A light sail astrobiology precursor mission to Enceladus and Europa

Abstract: Icy moons with subsurface oceans of liquid water rank among the most promising astrobiological targets in our Solar System. In this work, we assess the feasibility of deploying laser sail technology in precursor life-detection missions. We investigate such laser sail missions to Enceladus and Europa, as these two moons emit plumes that seem accessible to in situ sampling. Our study suggests that GigaWatt laser technology could accelerate a $100$ kg probe to a speed of $\sim{30}\, \mathrm{km\, s^{-1}}$, thereupon reaching Europa on timescales of $1$-$4$ years and Enceladus with flight times of $3$-$6$ years.
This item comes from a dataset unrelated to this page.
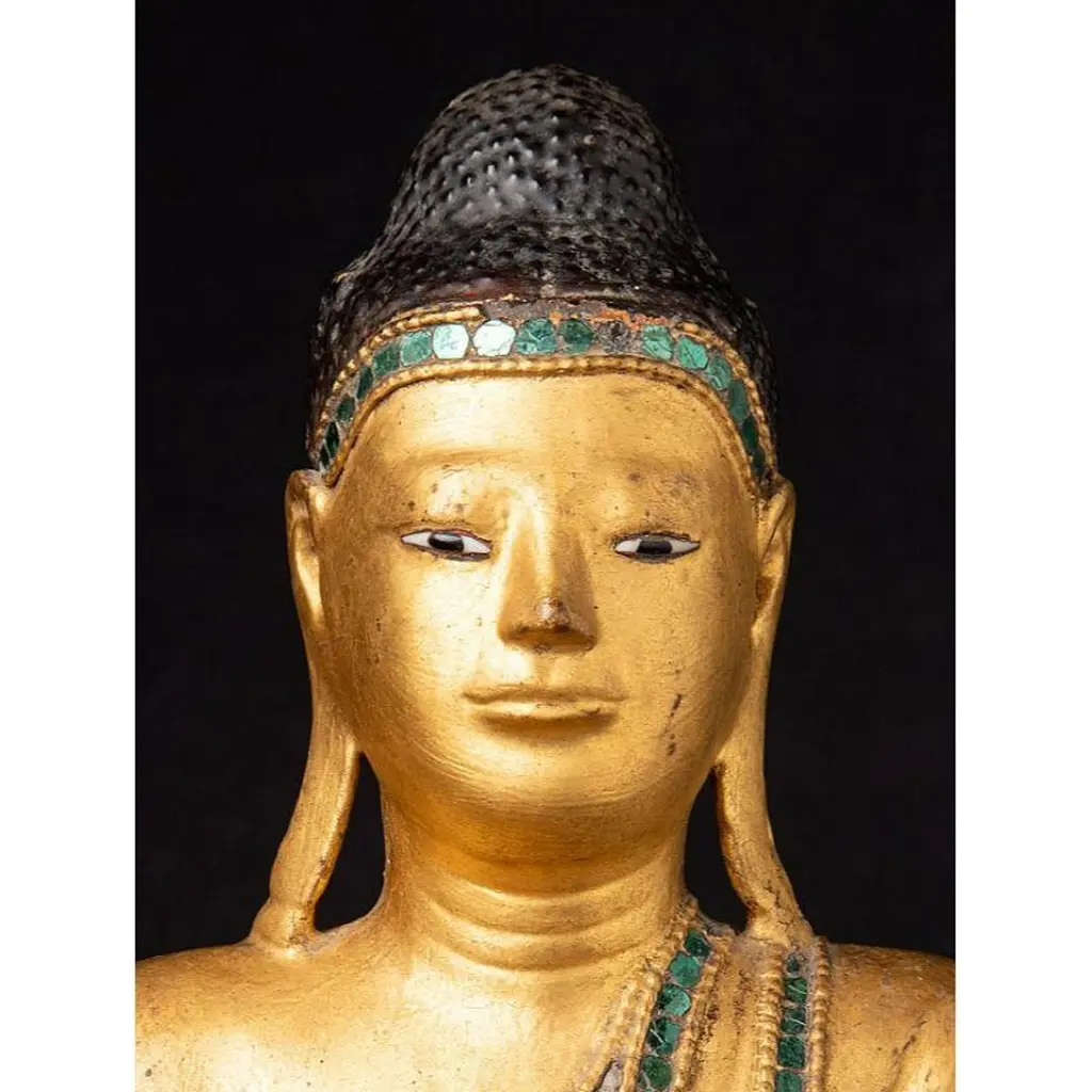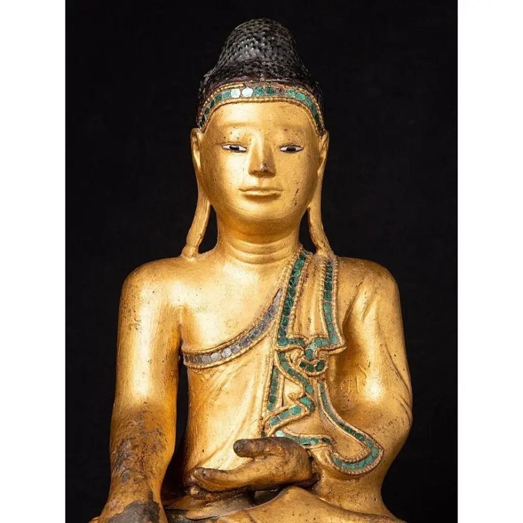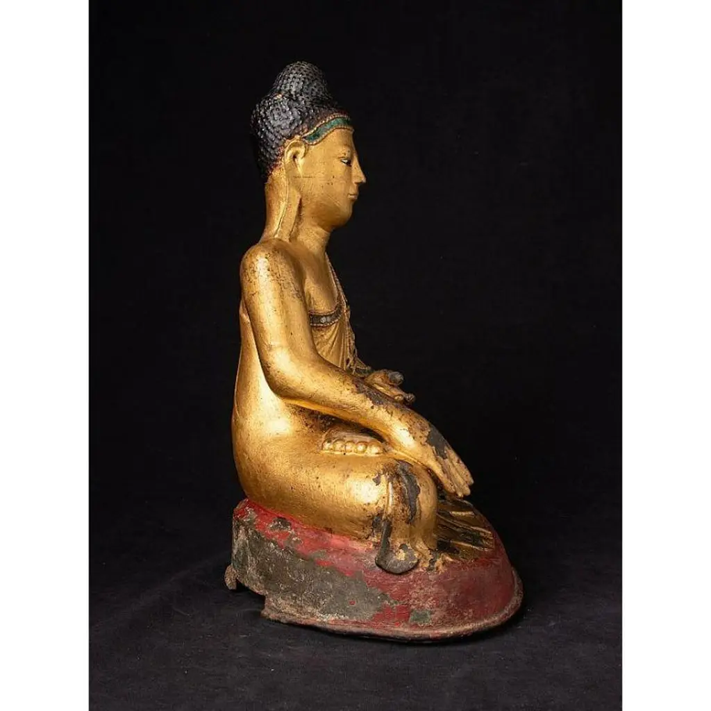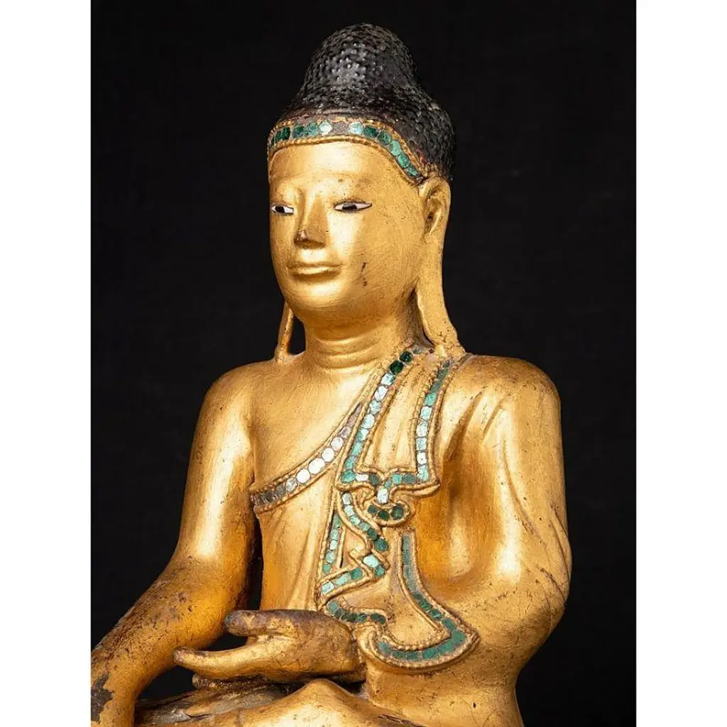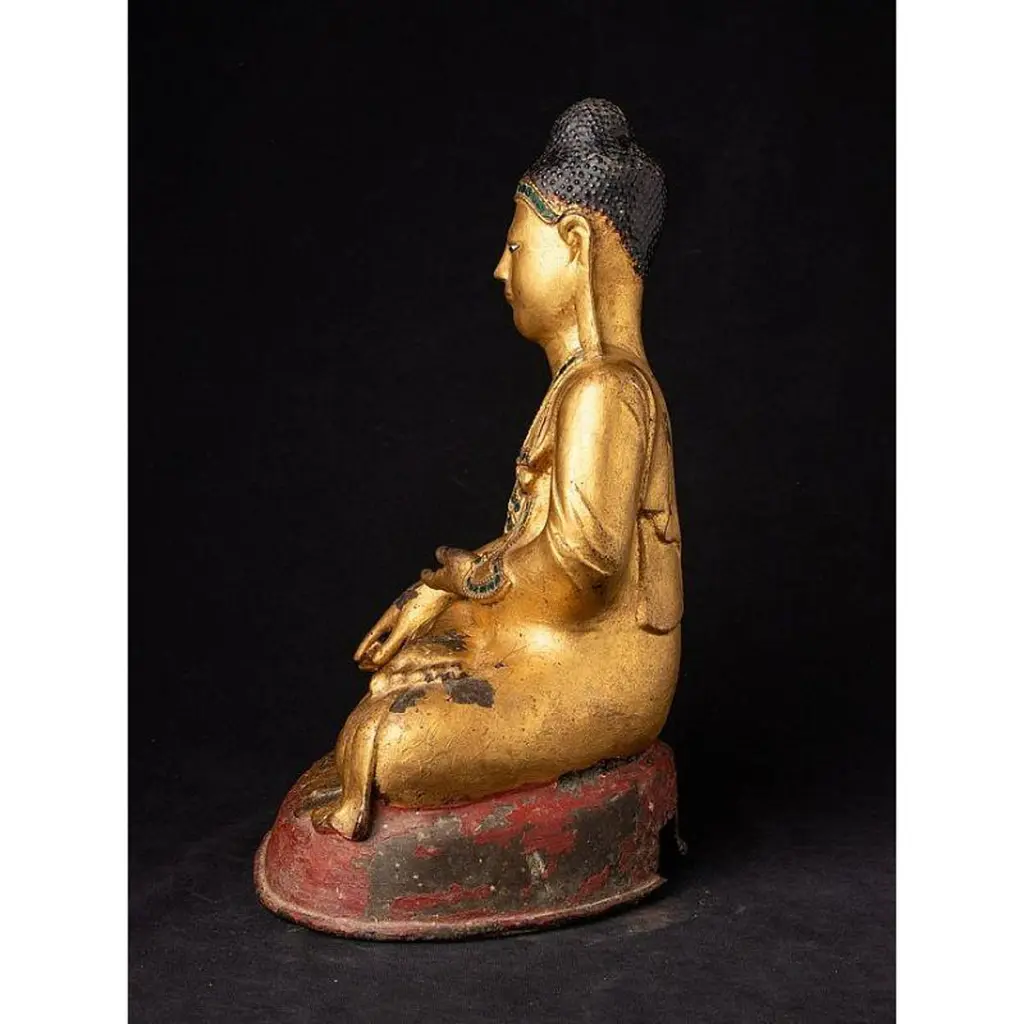 Material: bronze35,7 cm high 24 cm wide and 20,5 cm deepWeight: 5.35 kgsGilded with 24 krt. goldMandalay styleBhumisparsha mudraOriginating from BurmaEarly 19th centuryWith inlayed eyes

Although the ideal latitudes for the laser array vary, placing the requisite infrastructure close to either the Antarctic or Arctic Circles might represent technically viable options for an Enceladus mission. Crucially, we determine that the minimum encounter velocities with these moons (about ${6}\,\mathrm{km\,s^{-1}}$) may be near-optimal for detecting biomolecular building blocks (e.g., amino acids) in the plumes by means of a mass spectrometer akin to the Surface Dust Analyzer onboard the \emph{Europa Clipper} mission. In summary, icy moons in the Solar System are potentially well-suited for exploration via the laser sail architecture approach, especially where low encounter speeds and/or multiple missions are desirable.